Окончилась война, куда податься? Долго ломал голову Костя. Друзья по разведке, а Костя парень контактный, в друзьях недостатка не имел, звали с собой. Кто на Украину, кто в Армению, а один даже на Чукотку. Не соблазнился Костя, хотя близкий человек на первых порах был бы доброй ему поддержкой. Отправился в родные края. Не надеялся, что застанет мать и отца, столько лет пролетело. Может, повезет, братьев отыщет или сестренку Женьку заполошную. Отыскал в городе дома, где жили братья. Только не застал их. На двоих пришли похоронки, о третьем сообщили, что пропал без вести. Одна вдова уже выскочила замуж, и Константин решительно повернул от ее дома, не взглянув даже на племянников, в этот час они отсутствовали, были в школе.

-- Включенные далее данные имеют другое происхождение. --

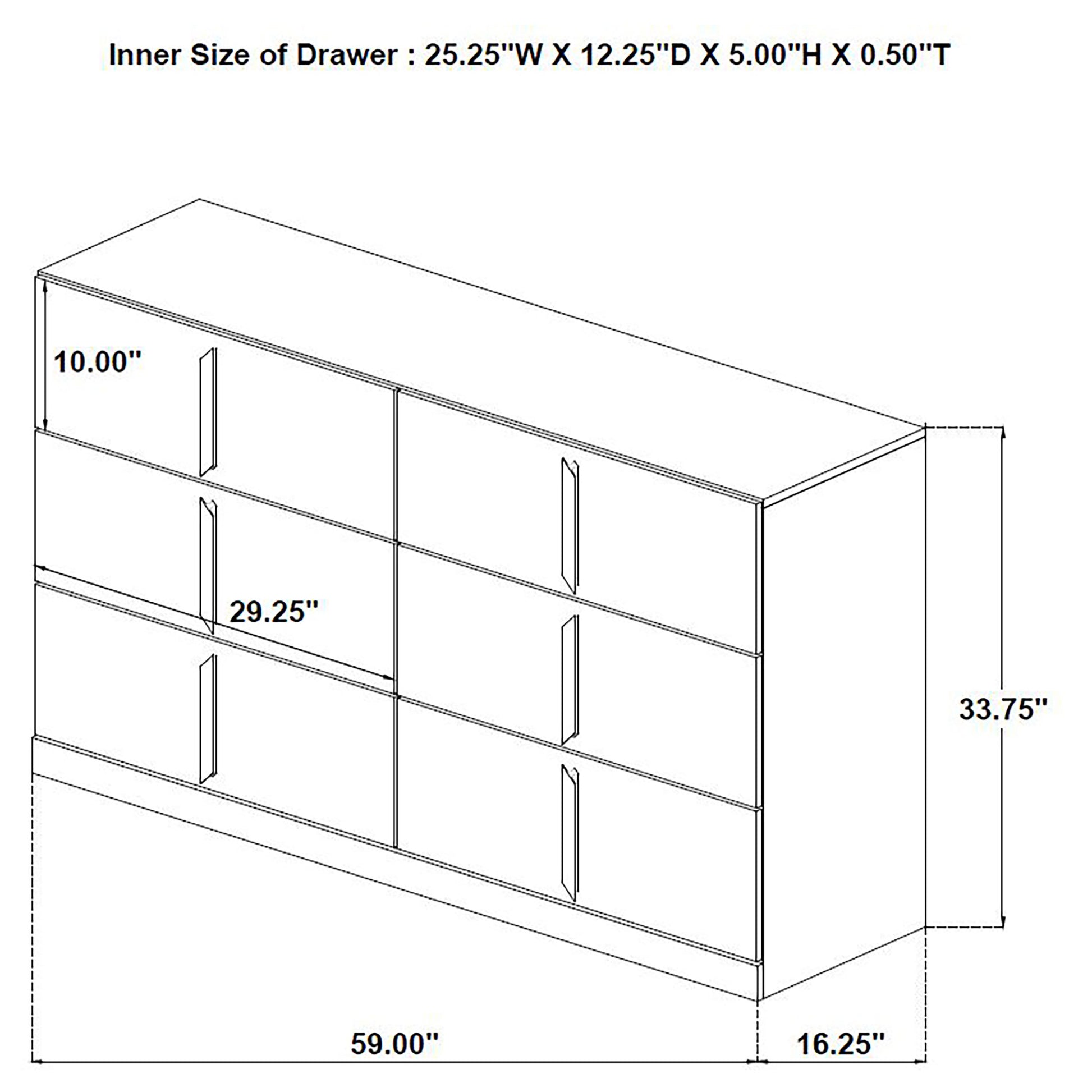 Ines 6-drawer Bedroom Dresser Cabinet White High Gloss

Другая вдова с мальчишкой, очень похожем на его брата, приглашала остановиться на день, на два у них. Что-то в этом приглашении не понравилось Косте, и он отправился к третьей. В небольшой квартирке ютились трое ребятишек погодков и сама вдова, похоже, намытарившаяся за войну больше, чем досыта. Она и ребятишки обрадовались ему, словно родной отец вернулся. Угостили, что-то в доме наскребли. Он дал немного денег из небогатого запаса. Хозяйка мигом обернулась в магазин, и они помянули и отца, и мужа, и брата. От них узнал, что родители его давно в сырой земле, а о сестренке ни слуху, ни духу. Остановился демобилизованный воин в тесной, но приветливой квартирке, начал подыскивать работенку. Университетов он, кроме лагерных и ратных, не проходил. И, хотя не гнушался любой работы, все же куда попало совать голову не хотелось бы. Нашел бы, в конце концов, себе дело в городе, да заметил, что хозяйка, вдова его брата, начинает предъявлять на него, и довольно ясно, хозяйские права. Дня через четыре подкатилась к нему, спавшему с ребятишками на полу. Ощутил ее теплое, мягкое и жадное тело. Герой войны от испуга схватил свои манатки, никому ничего не сказав, дал деру из этого дома. Уважал он вдову за верность брату, за то, что ребятишек, братовых наследников, выходила, по миру не пустила. Но не лежали к ней ни его сердце, ни душа. Да и жизнь с женой брата ему представлялась, как подлость по отношению к тому, к его памяти. Себя успокаивал, как пристроится, обживется, поможет племянникам выжить в это суровое время.